ProcessTxnResult rc = null;
synchronized (zks.outstandingChanges) {
while (!zks.outstandingChanges.isEmpty()
&& zks.outstandingChanges.get(0).zxid <= request.zxid) {
ChangeRecord cr = zks.outstandingChanges.remove(0);
}
if (request.hdr != null) {
TxnHeader hdr = request.hdr;
Record txn = request.txn;
rc = zks.processTxn(hdr, txn);
}
if (Request.isQuorum(request.type)) {
zks.getZKDatabase().addCommittedProposal(request);
}
}
......
ServerCnxn cnxn = request.cnxn;
String lastOp = "NA";
zks.decInProcess();
Code err = Code.OK;
Record rsp = null;
try {
......
switch (request.type) {
case OpCode.getData: {
lastOp = "GETD";
GetDataRequest getDataRequest = new GetDataRequest();
ByteBufferInputStream.byteBuffer2Record(request.request,getDataRequest);
DataNode n = zks.getZKDatabase().getNode(getDataRequest.getPath());
if (n == null) {
throw new KeeperException.NoNodeException();
}
PrepRequestProcessor.checkACL(zks, zks.getZKDatabase().aclForNode(n),
ZooDefs.Perms.READ, request.authInfo);
Stat stat = new Stat();
byte b[] = zks.getZKDatabase().getData(getDataRequest.getPath(), stat,
getDataRequest.getWatch() ? cnxn : null);
rsp = new GetDataResponse(b, stat);
break;
}
......
long lastZxid = zks.getZKDatabase().getDataTreeLastProcessedZxid();
ReplyHeader hdr = new ReplyHeader(request.cxid, lastZxid, err.intValue());
try {
cnxn.sendResponse(hdr, rsp, "response");
if (closeSession) {
cnxn.sendCloseSession();
}
......
}
-
zks.outstandingChanges.remove(0)/zks.outstandingChangesForPath.remove(cr.path)

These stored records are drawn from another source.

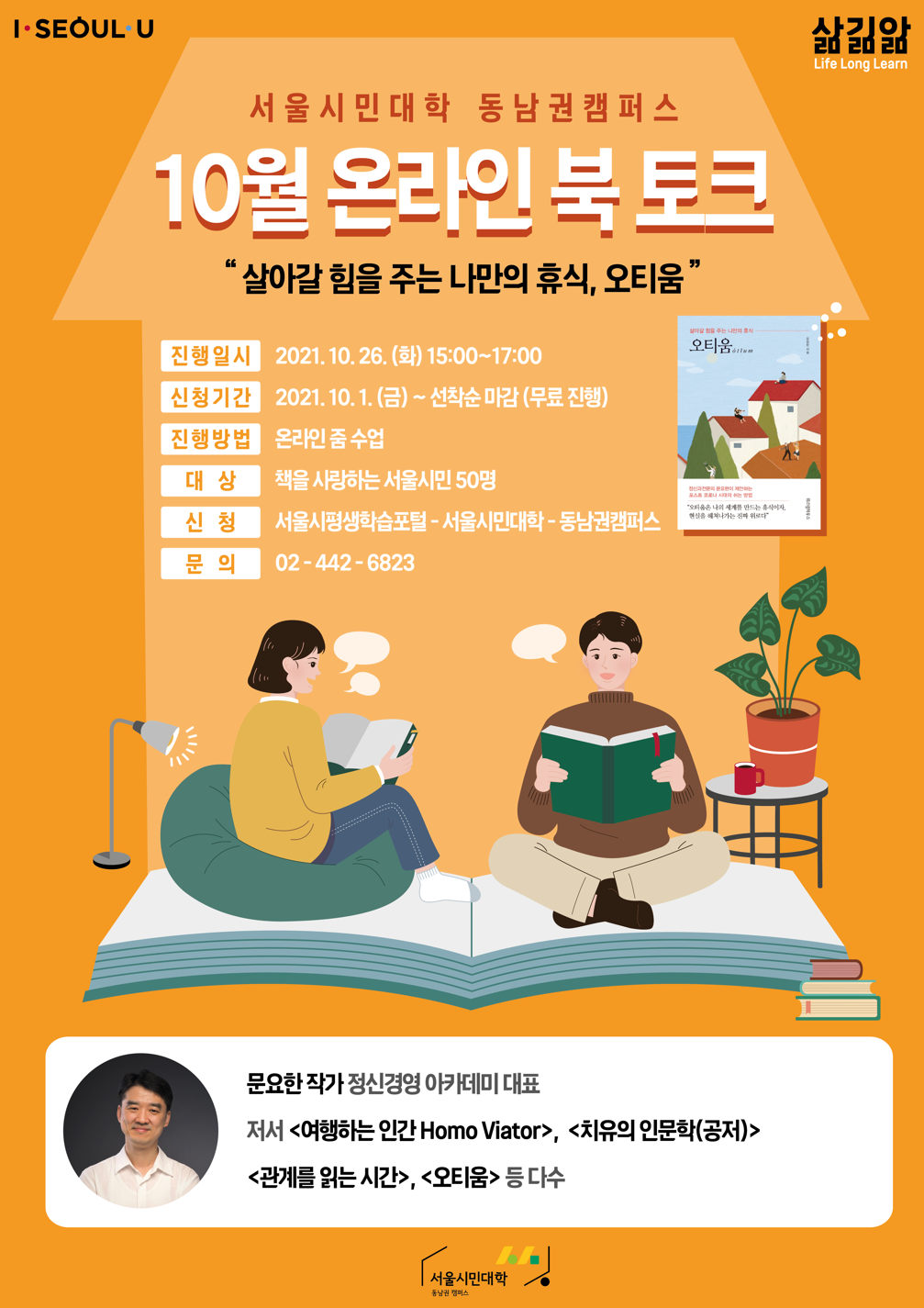 2021 서울시민대학 동남권캠퍼스 10월 온라인 북 토크 안내 포스터
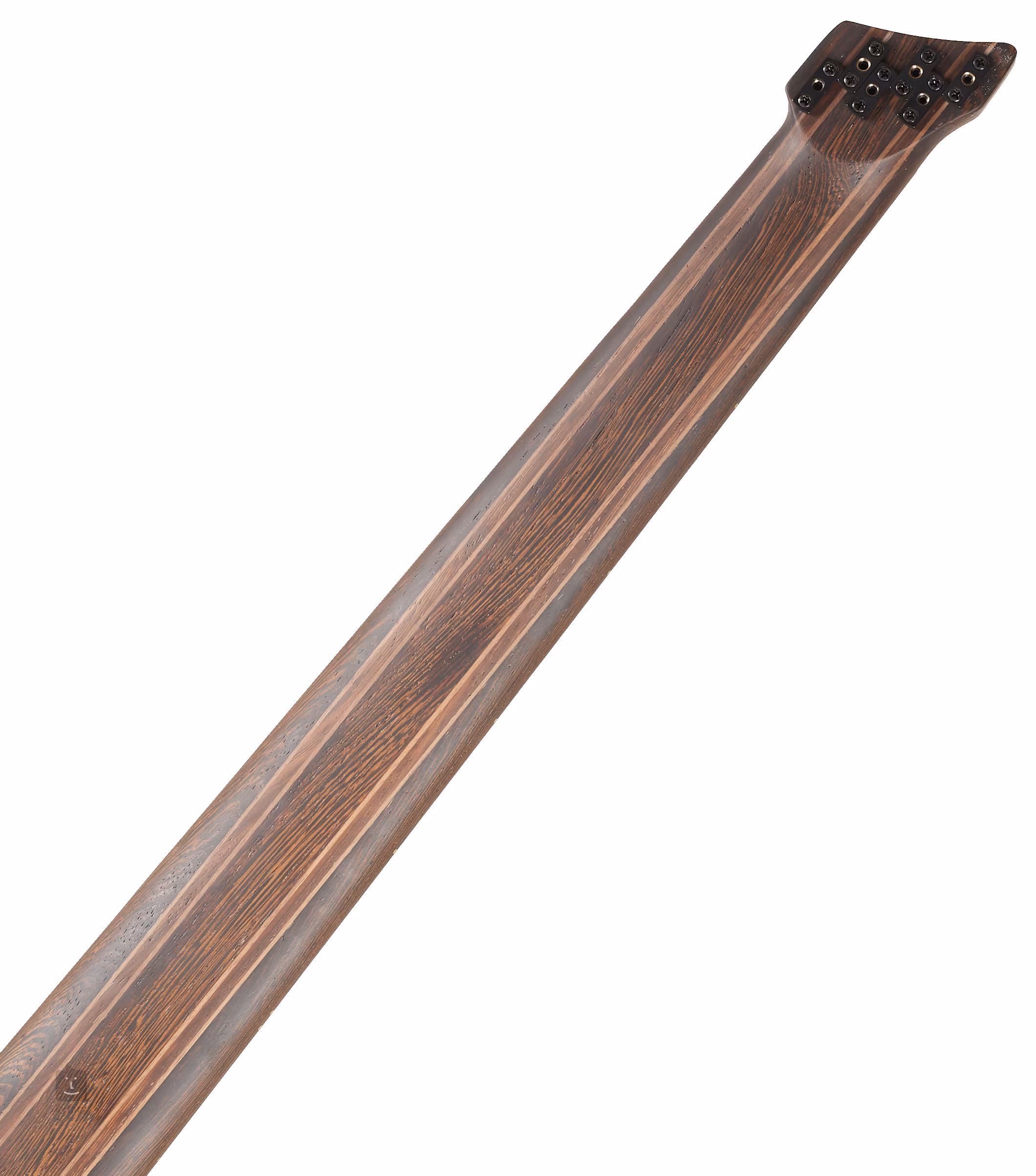 Der gekammerte Korpus des Instruments ist aus ausgesuchtem afrikanischem Mahagoni mit einer attraktiv gemaserten Pappeldecke gefertigt, wobei eine hervorragende Balance und dank der abgerundeten Kanten eine ausgezeichnete Ergonomie gewährleistet sind. Der Hals, der aus einer Kombination von neun Stücken Walnuss- und Panga-Panga-Holz besteht, ist mit fünf Schrauben am Korpus befestigt und mit Graphitstreben verstärkt. Das Griffbrett ist ebenfalls aus Panga-Panga-Holz und mit einem Binding versehen. Das Griffbrett ist ebenfalls ein Multiscale-Typ, der dank der abgeschrägten Bünde eine variable Menzatura von 838 bis 889 Millimetern bietet. Dieses System hat viele Vorteile, aber der wichtigste ist die deutliche Verbesserung des Spielkomforts, da es eine natürlichere Bewegung der Hand auf dem Griffbrett ermöglicht.
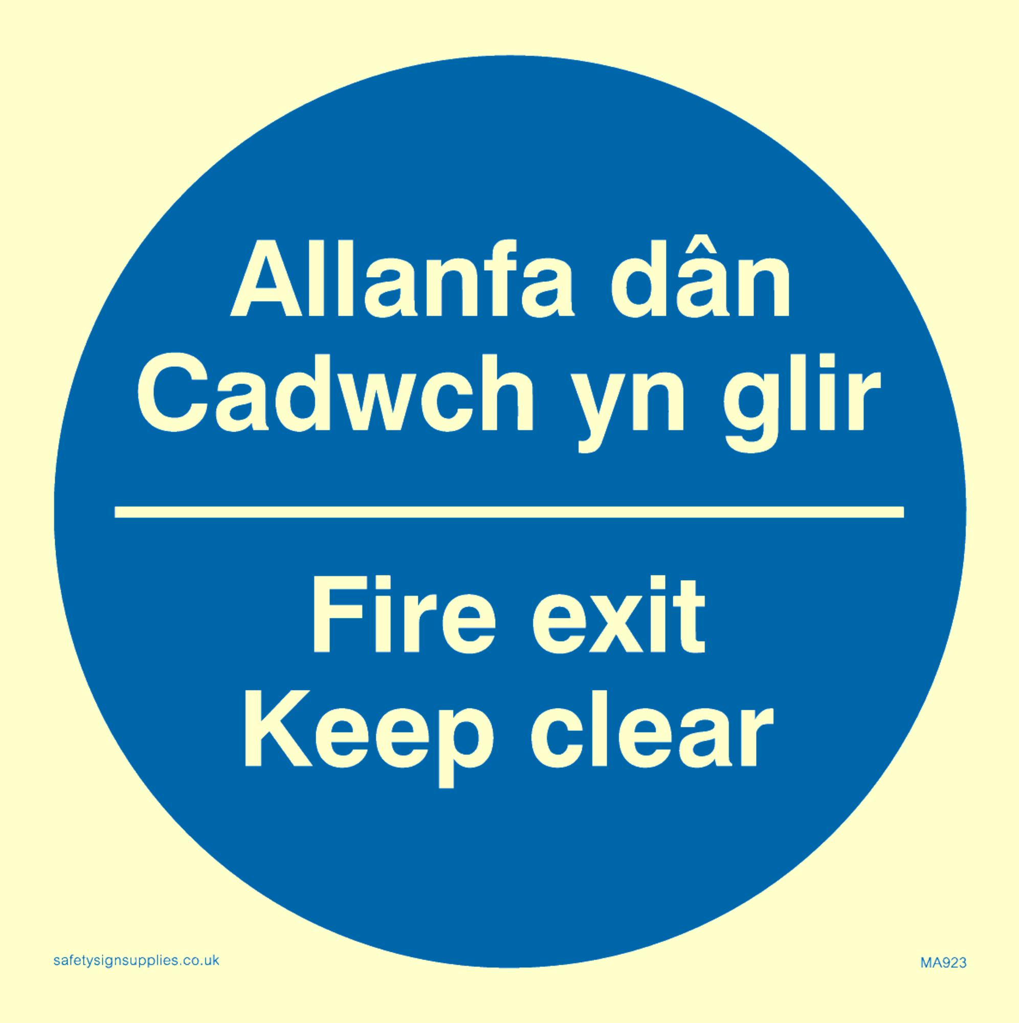bi-lingual sign - welsh / english in blue circle

从outstandingChanges和outstandingChangesForPath中移除头节点RecodeChanges; -
zks.processTxn(hdr, txn)
事务请求更新DataTree;(Zookeeper(二)-数据模型,具体逻辑以createNode为例分析过) -
zks.getZKDatabase().addCommittedProposal(request)
集群模式时:提交提案(以后详细分析); -
new GetDataResponse
组装具体响应对象; -
new ReplyHeader
组装响应头ReplyHeader; -
cnxn.sendResponse(hdr, rsp, "response")
通过NIOServerCnxn发送响应;
9. 发送响应
synchronized public void sendResponse(ReplyHeader h, Record r, String tag) {
try {
ByteArrayOutputStream baos = new ByteArrayOutputStream();
// Make space for length
BinaryOutputArchive bos = BinaryOutputArchive.getArchive(baos);
try {
baos.write(fourBytes);
bos.writeRecord(h, "header");
if (r != null) {
bos.writeRecord(r, tag);
}
baos.close();
} catch (IOException e) {
LOG.error("Error serializing response");
}
byte b[] = baos.toByteArray();
ByteBuffer bb = ByteBuffer.wrap(b);
bb.putInt(b.length - 4).rewind();
sendBuffer(bb);
if (h.getXid() > 0) {
synchronized(this){
outstandingRequests--;
}
// check throttling
synchronized (this.factory) {
if (zkServer.getInProcess() < outstandingLimit || outstandingRequests < 1) {
sk.selector().wakeup();
enableRecv();
}
}
}
} catch(Exception e) {
LOG.warn("Unexpected exception. Destruction averted.", e);
}
}
-
bos.writeRecord(h, "header")/bos.writeRecord(r, tag)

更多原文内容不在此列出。